SUPPLIED DATA>
__________

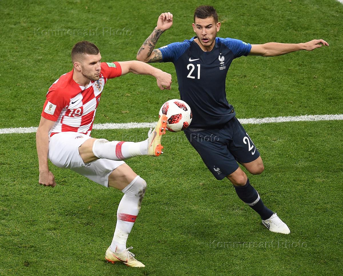 FIFA World Cup 2018 Russia. Final. France v Croatia at Luzhniki stadium. Croatian football player Ante Rebic (left) and French football player Lucas Hernandez (right) during the match.
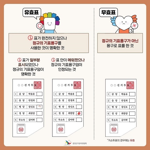 투표 시 일부만 기표됐거나 기표 안이 메워진 경우에도 정규의 기표 용구임이 명확하면 유효표로 인정된다. 다만, 정규의 기표용구가 아닌 용구로 기표한 경우에는 무효표가 된다.
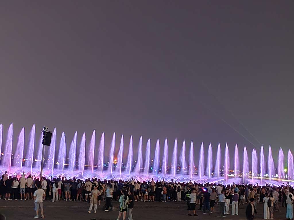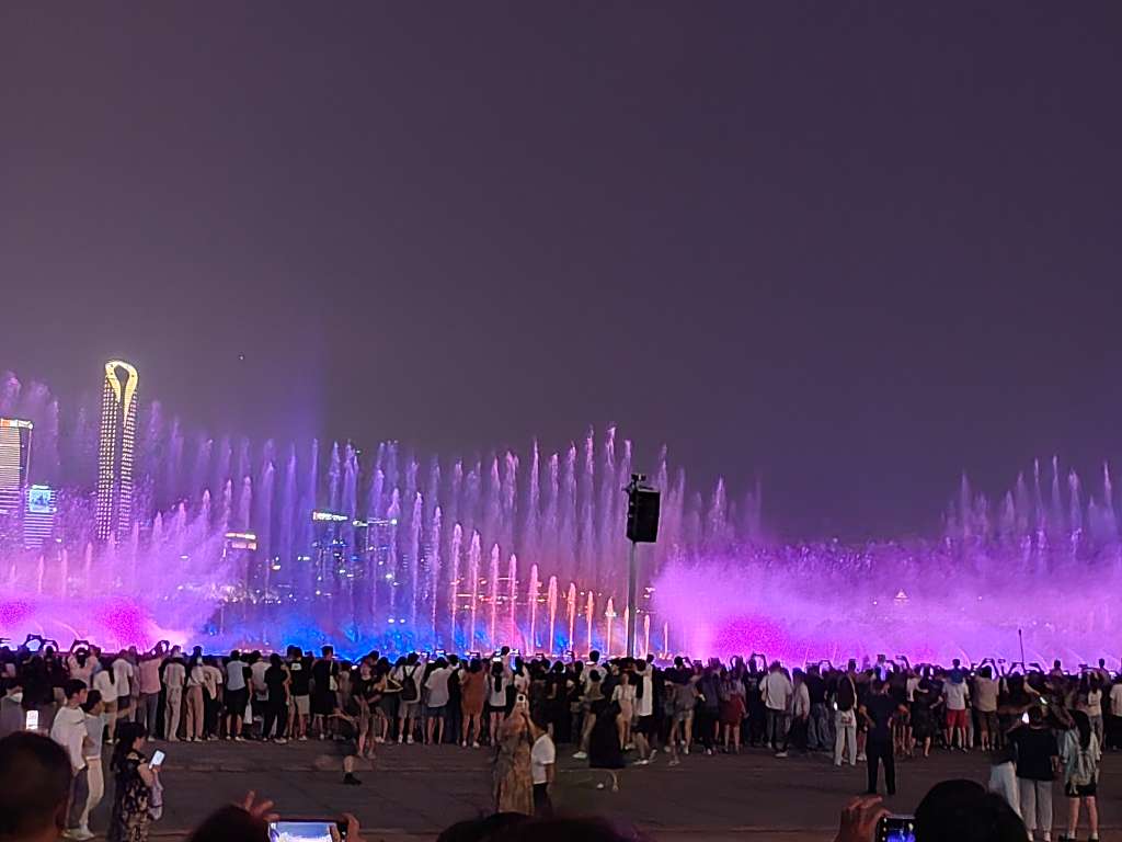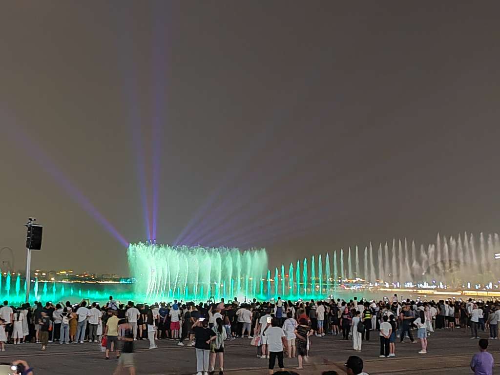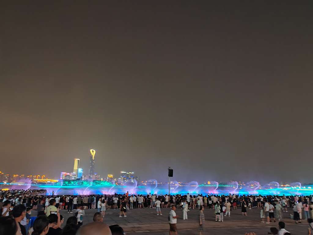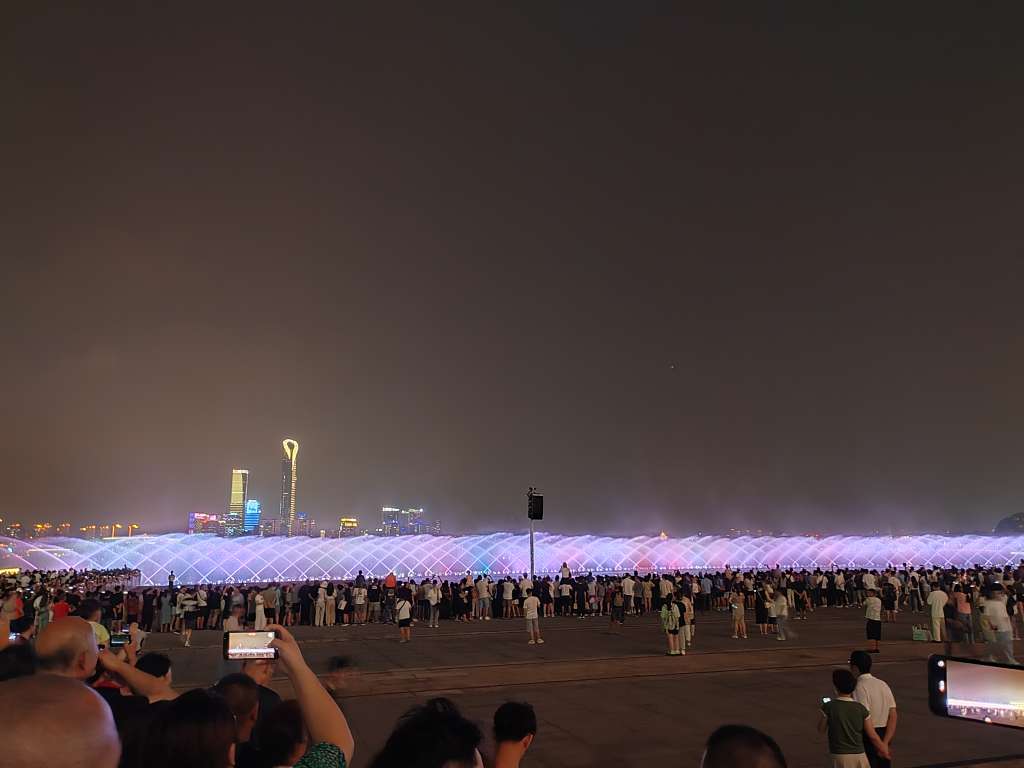 。五点半左右到的,还等了十几分钟。人多上菜也慢,一直到七点多才上齐,周边几桌最后都是把鸭架直接打包了。看看时间差不多七点半,散步来到金鸡湖等喷泉,其实本来是想去栈桥那边的,吃过饭就不高兴动了。等到八点,准时开始,我怕回程地铁人多太拥挤,提前六分钟走人,一点儿也不挤

__________

TASK DIRECTIONS>
Print the listing word for word but skip its pictures.

FINISHED TASK>
 FIFA World Cup 2018 Russia. Final. France v Croatia at Luzhniki stadium. Croatian football player Ante Rebic (left) and French football player Lucas Hernandez (right) during the match.
 투표 시 일부만 기표됐거나 기표 안이 메워진 경우에도 정규의 기표 용구임이 명확하면 유효표로 인정된다. 다만, 정규의 기표용구가 아닌 용구로 기표한 경우에는 무효표가 된다.
 。五点半左右到的,还等了十几分钟。人多上菜也慢,一直到七点多才上齐,周边几桌最后都是把鸭架直接打包了。看看时间差不多七点半,散步来到金鸡湖等喷泉,其实本来是想去栈桥那边的,吃过饭就不高兴动了。等到八点,准时开始,我怕回程地铁人多太拥挤,提前六分钟走人,一点儿也不挤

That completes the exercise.